Inserting equation (2.16) into the real part of equations (2.13) and (2.9) yields the following exact solution

$ \begin{equation} \begin{split} & u_{1}=\frac{-\frac{3}{8}K^{2}-\frac{1}{2}K^{2}\cos(i(Kx-\frac{7}{4}K^{3}t)) -\frac{5}{8}K^{2}\cos(2i(Kx-\frac{7}{4}K^{3}t))}{6+8\cos(i(Kx-\frac{7}{4}K^{3}t))+2\cos(2i(Kx-\frac{7}{4}K^{3}t))}, \\ & v_{1}=\frac{-iK\sin(i(Kx-\frac{7}{4}K^{3}t)}{2+2\cos(i(Kx-\frac{7}{4}K^{3}t)}, \\ & u_{2}=\frac{\frac{9}{8}K^{2}+K^{2}\cos(i(Kx-\frac{7}{4}K^{3}t)) -\frac{1}{8}K^{2}\cos(2i(Kx-\frac{7}{4}K^{3}t))}{6+8\cos(i(Kx-\frac{7}{4}K^{3}t))+2\cos(2i(Kx-\frac{7}{4}K^{3}t))}, \\ & v_{2}=\frac{iK\sin(i(Kx-\frac{7}{4}K^{3}t)}{2+2\cos(i(Kx-\frac{7}{4}K^{3}t)}, \end{split} \end{equation} $

(2.17)

where $K$ is free parameter.

The graph of the solution (2.17) is given in the following figures with $K=2$.

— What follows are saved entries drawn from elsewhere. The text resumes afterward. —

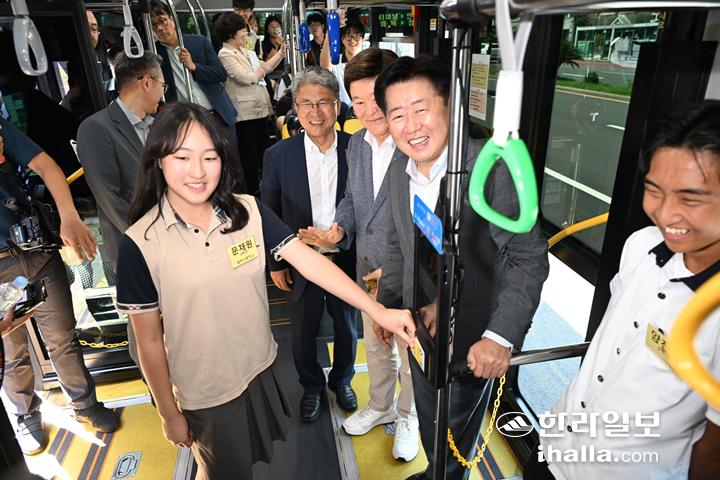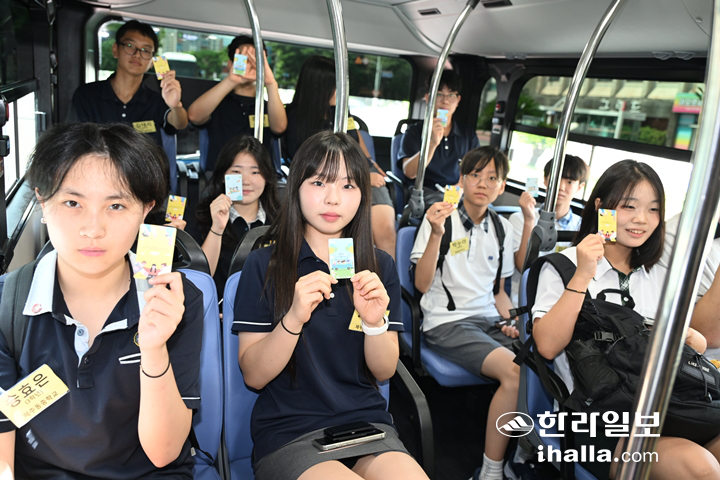 [한라일보] 제주지역 청소년 대중교통 무료이용 개통식이 13일 제주시 삼다공원에서 열렸다.
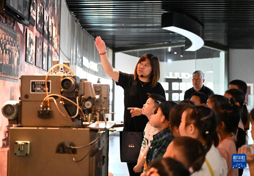 在天津海鷗表博物館,講解員在給小學(xué)生講述天津海鷗表業(yè)集團發(fā)展歷程(5月12日攝)。
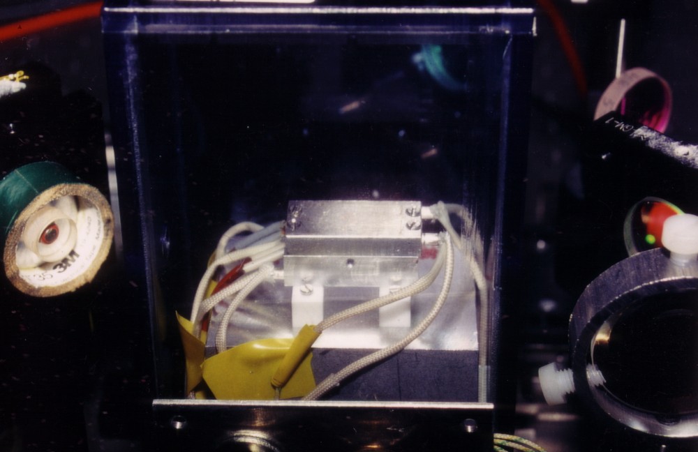 Detail of the actual setup in the lab: The oven with the heated monolithic OPA-crystal
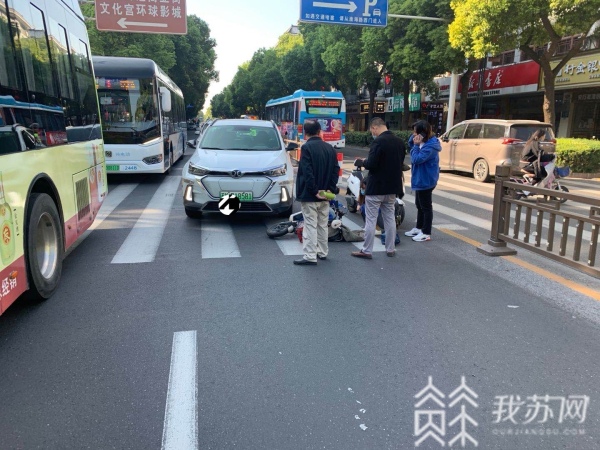 10月10日上午8时25分左右,杨某某(男,42岁)驾驶的苏KD18XXX号小型普通客车由南向北行驶至汶河南路扬州金店门前斑马线时,遇前方斑马线有多辆电动车过马路,杨某某停车让行后,正准备启动时,曹某某(女,19岁)突然驾驶的电动二轮自行车(车后座搭载一名16周岁以上的成年人)从西侧由西向东横穿马路,杨某某避让不及与曹某某发生碰撞。
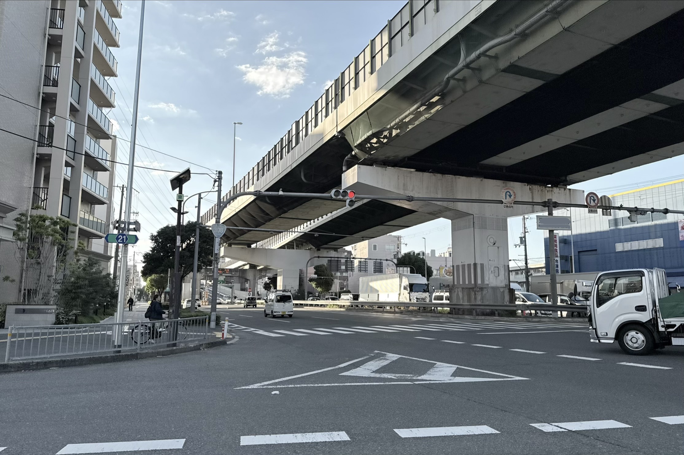 正解は、、、〒578-0985 大阪府東大阪市中野南2-39付近。府道21号線(八尾枚方線)と国道308号線(中央大通り)が交わる河内中野南交差点から西へ向かって撮影しました。真上の高架は阪神高速13号東大阪線で、前方に中野出入口が見えています。写真右手側で見切れている青色の建物は業務用卸売センター「C&Cエンド東大阪店」です。
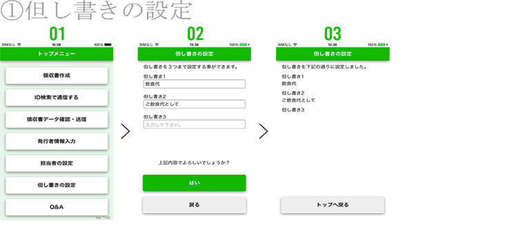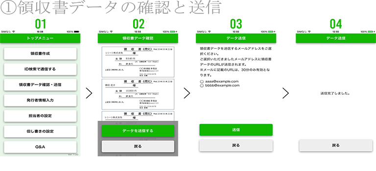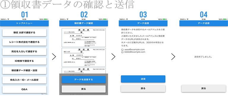 01 トップメニューの「領収書データ確認・送信」をタップ
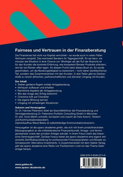 Dr. Dr. Hannes Peterreins ist Geschäftsführer der Finanz- und Vermögensberatung Dr. Peterreins Portfolio Consulting GmbH in München. Dr. phil. Doris Märtin schreibt, konzipiert und coacht als freie Autorin, Texterin und Kommunikationsberaterin. Ihre Kernkompetenz liegt in den Bereichen Unternehmenssprache und Potenzialentwicklung. Diplomkauffrau Maud Beetz ist selbstständige Kommunikationstrainerin. Schwerpunkte ihrer Tätigkeit ist die Beratung zu den Themen Etikette, Persönlichkeit und Kommunikation im Geschäftsleben.
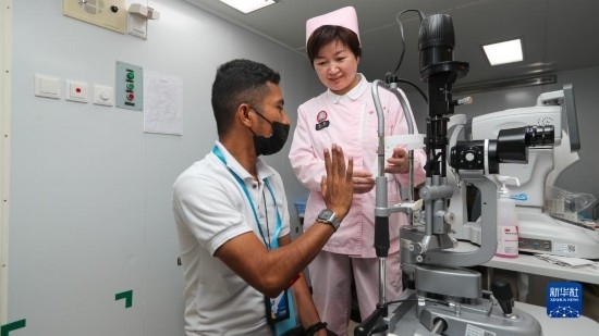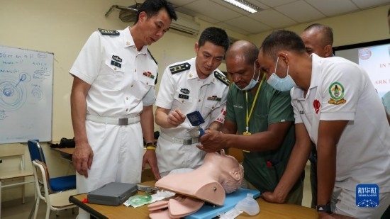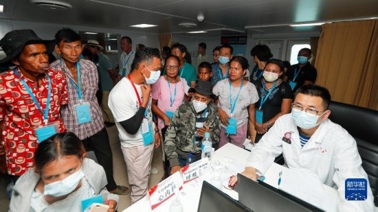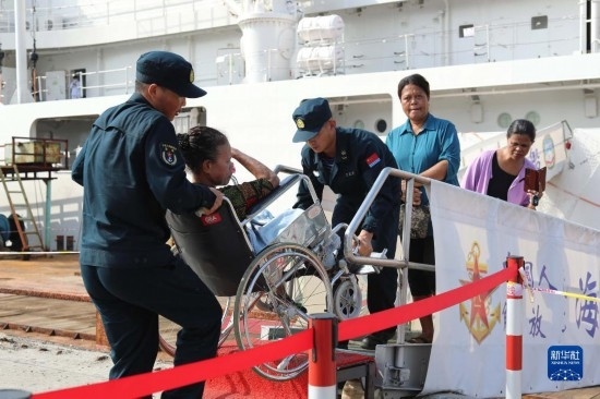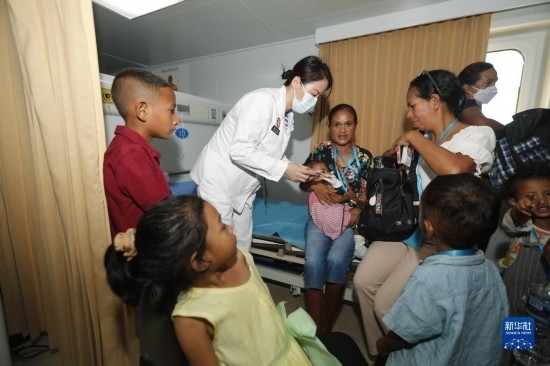 中國海軍“和平方舟”號醫(yī)院船訪問東帝汶并開展醫(yī)療服務(wù)期間,醫(yī)院船官兵為當(dāng)?shù)匦袆硬槐愕幕颊叻?wù)(9月6日攝)。新華社發(fā)(桂江波 攝)
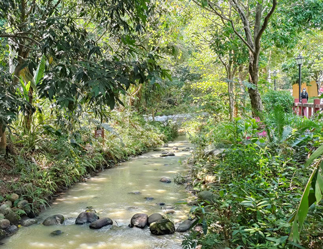 晴日暖風(fēng)熏人漾,醉入人間五月天。”對(duì)于陽臺(tái)山大家都并不陌生,站在山腳仰望,也許是前段時(shí)間下了一周雨的緣故,山間蔥郁的枝葉在光影中斑駁流離,宛如新綠,輕吸一口舒爽微涼的空氣,頓感心曠神怡。在山門合影留念之后,大家一起從山腳出發(fā),沿著山路蜿蜒而上。
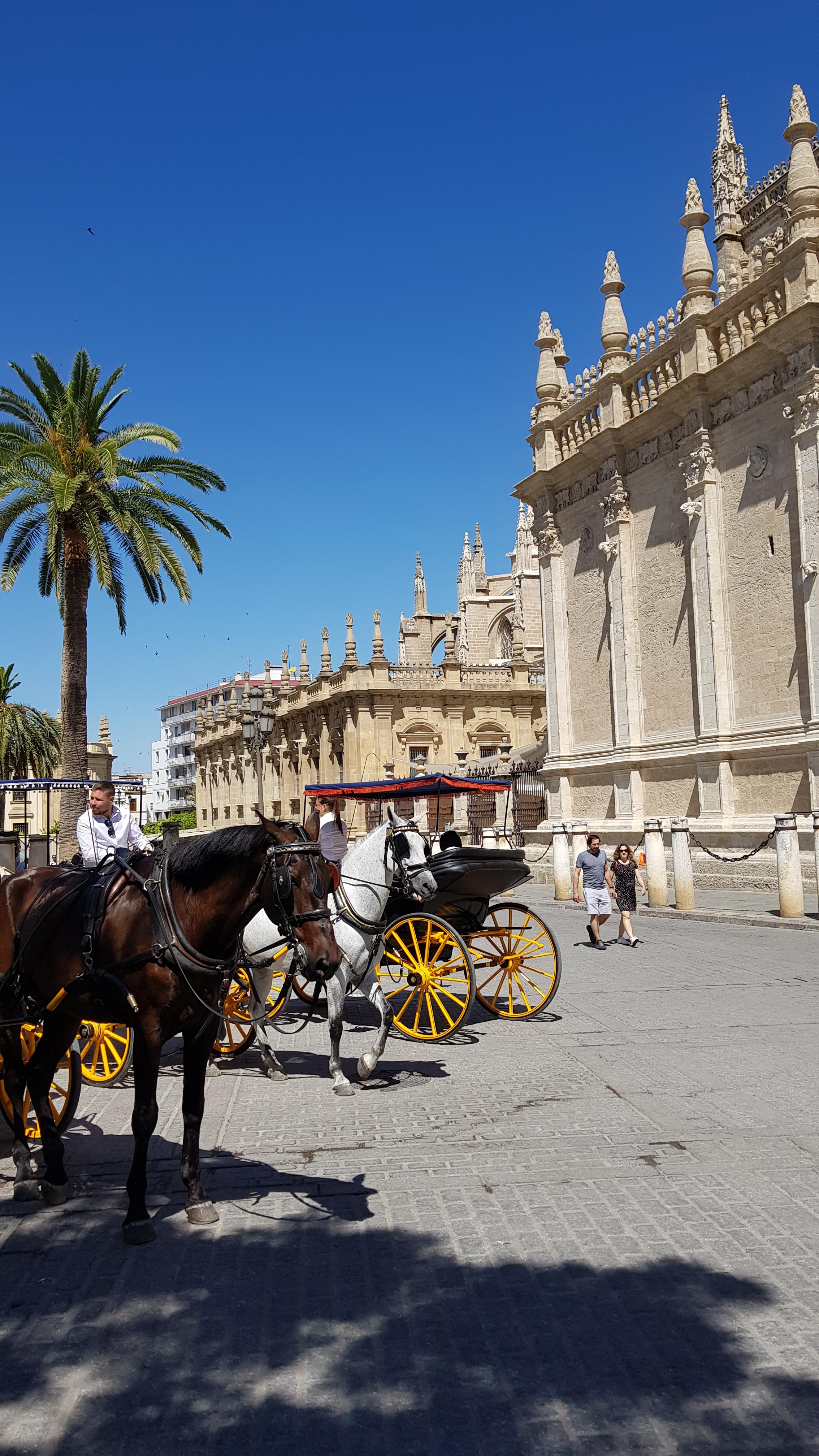마차를 타고 세비야대성당 앞까지 왓습니다 .
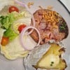 สเต็กและสลัดบาร์ตักได้เรื่อยๆ ไม่จับเวลา มีเครื่องดื่มอัดลมรีฟิลล์ด้วย ส้ต็กอร่อย คุณภาพดี มีหลากหลายมาก ทีเด็ดอย่างซี่โครง สเต็กเนื้อก็มี ขาหมูทอดเยอรมัน ขนาดไม่ใหญ่มาก กรอบพอประมาณ บางส่วนก็แข็งไปหน่อย เมนูที่ชอบที่สุดจะเป็นไก่ เนื้อไก่ที่นี่เนื้อนุ่ม แม้แต่เนื้ออกยังนุ่ม ฉ่ำไม่แห้ง สลัดบาร์ มีเติมเรื่อยๆ น้ำสลัดมีให้เลือกหลายสไตล์ แต่ชอบสุดจะเป็นครีมงา ผักสดมาก ซุปบัดกุดเต๋ เป็นอกไก่ รสอ...อ่านต่อ
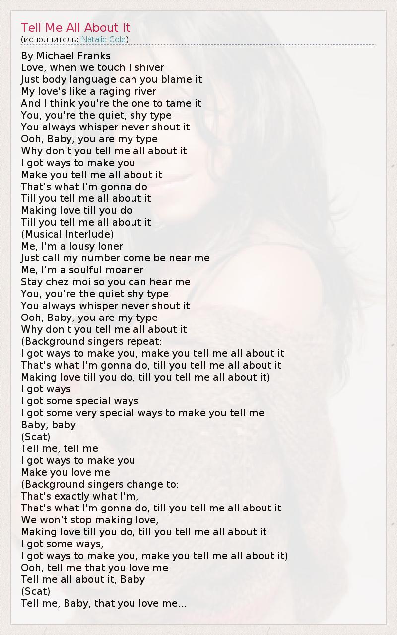 А как ты думаешь, о чем песня "Tell Me All About It" ?
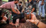 Petugas panitia mengambil video yang disiarkan langsung secara daring saat pemotongan hewan kurban Idul Adha 1442 Hijriyah di Mitra Tani (MT) Farm, Desa Tegalwaru, Ciampea, Kabupaten Bogor, Jawa Barat, Selasa (20/7/2021). Pemotongan hewan kurban secara daring tersebut sesuai surat edaran MUI Kabupaten Bogor untuk menghindari kerumunan warga dan daging hewan kurban didistribusikan oleh petugas ke tempat tinggal warga yang berhak menerima. (FOTO : ANTARA/Arif Firmansyah)

In this study, exp-function method in rational form with a computerized symbolic computation has been successfully applied to find generalized complex solitary solutions of Jaulent-Miodek equation without any initial conditions, so the solutions are more general. The results are simpler with the fewest free parameters and can be shown graphically.